После двух часов езды в Станке Димитрове мы остановились на площади. Сыпался мелкий, вдруг исчезавший дождь, облачное от самой Софии небо кое-где разрывалось, в разрывах сверкала голубизна. Посреди площади стояла очередь крестьян, ожидавших автобус на Самоков. Мы зашли в сладкарницу, где было дымно, пахло кофе, за столиками сидели старики, очень много стариков, они ничего не ели, не пили, а просто курили, смотрели друг на друга и молчали.
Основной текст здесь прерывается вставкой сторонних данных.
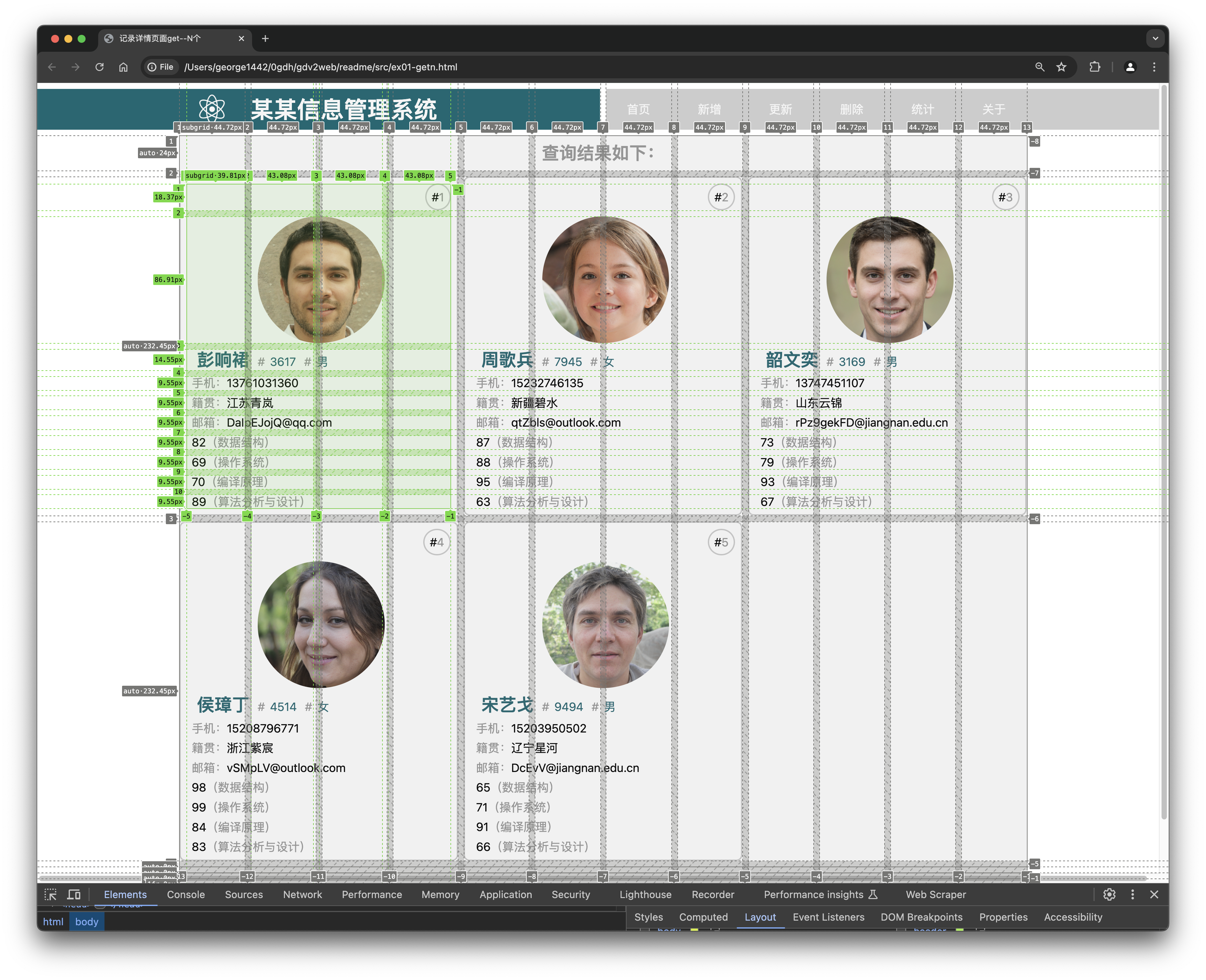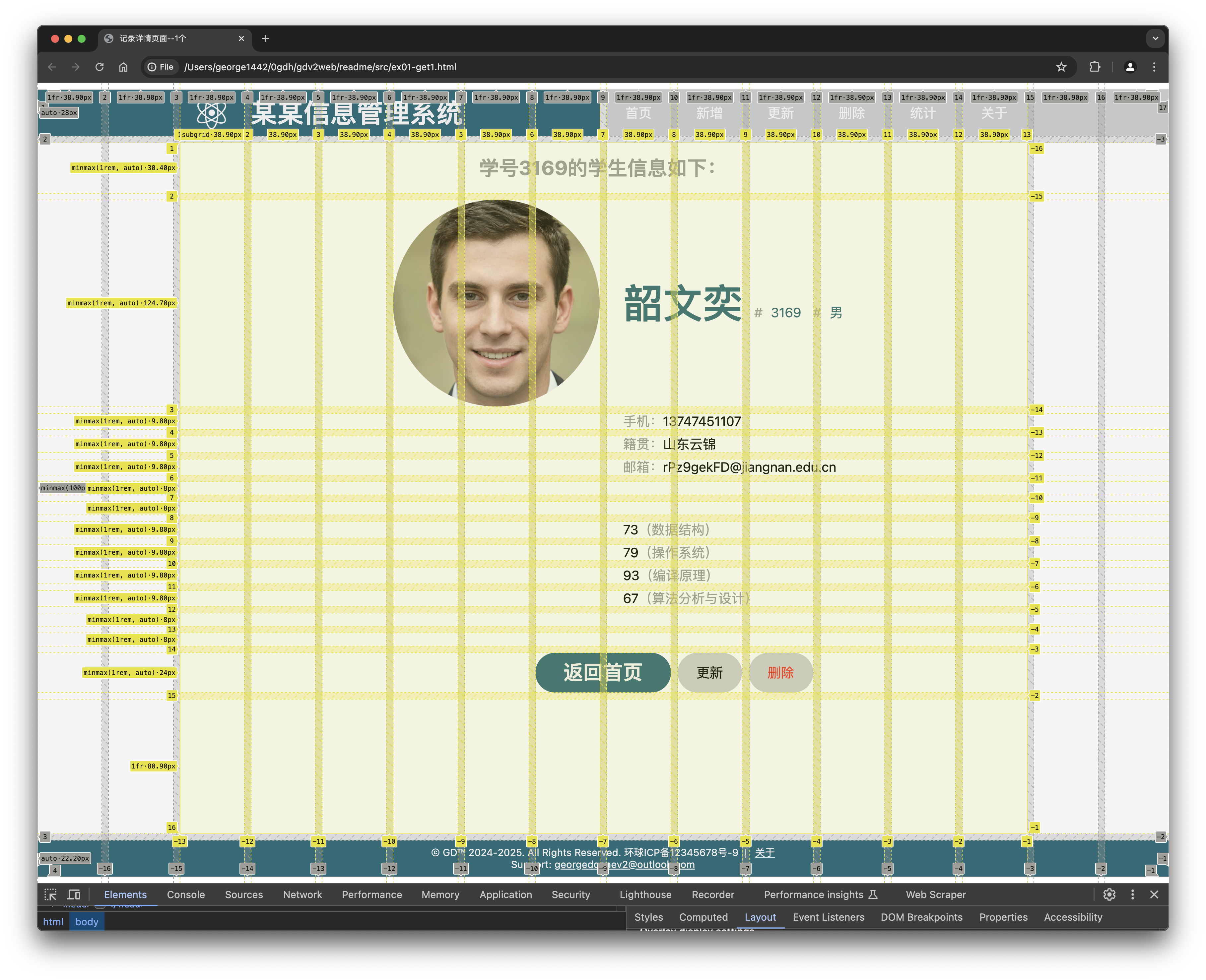 参考查询得到多个记录的显示界面,当前界面的css还是相对好理解的。以下截图中,灰色网格线是body的网格grid布局,黄色网格线是主内容 #main-get 的网格线。

Когда мы вошли, они стали смотреть на нас. Они смотрели на то, как мы снимаем плащи, садимся, как Пенчо закуривает, как Аля хмуро глядит в окно, как подходит официант и Пенчо заказывает три кофе «по-турски» и как потом мы с Пенчо оглядываемся кругом и видим всех этих стариков, глядящих на нас. Болгарские старики отличаются от русских тем, что любят собираться в кучу. Русские старики более нелюдимы и в то же время более болтливы. Они могут разговаривать сами с собой. Некоторые старики в одиночку гуляют по скверу на Песчаной улице или сидят на скамейках напротив фонтана и тихо рассуждают сами с собой. Я редко видел, чтобы русские старики собирались больше чем по три, четыре человека. В Болгарии же встречаются громадные сборища молчаливых стариков. Аля очень подошла бы к компании болгарских стариков. За весь сегодняшний день она сказала всего одну фразу. Утром в гостинице, когда мы ждали Пенчо, она спросила: «Зачем мы сюда поехали?»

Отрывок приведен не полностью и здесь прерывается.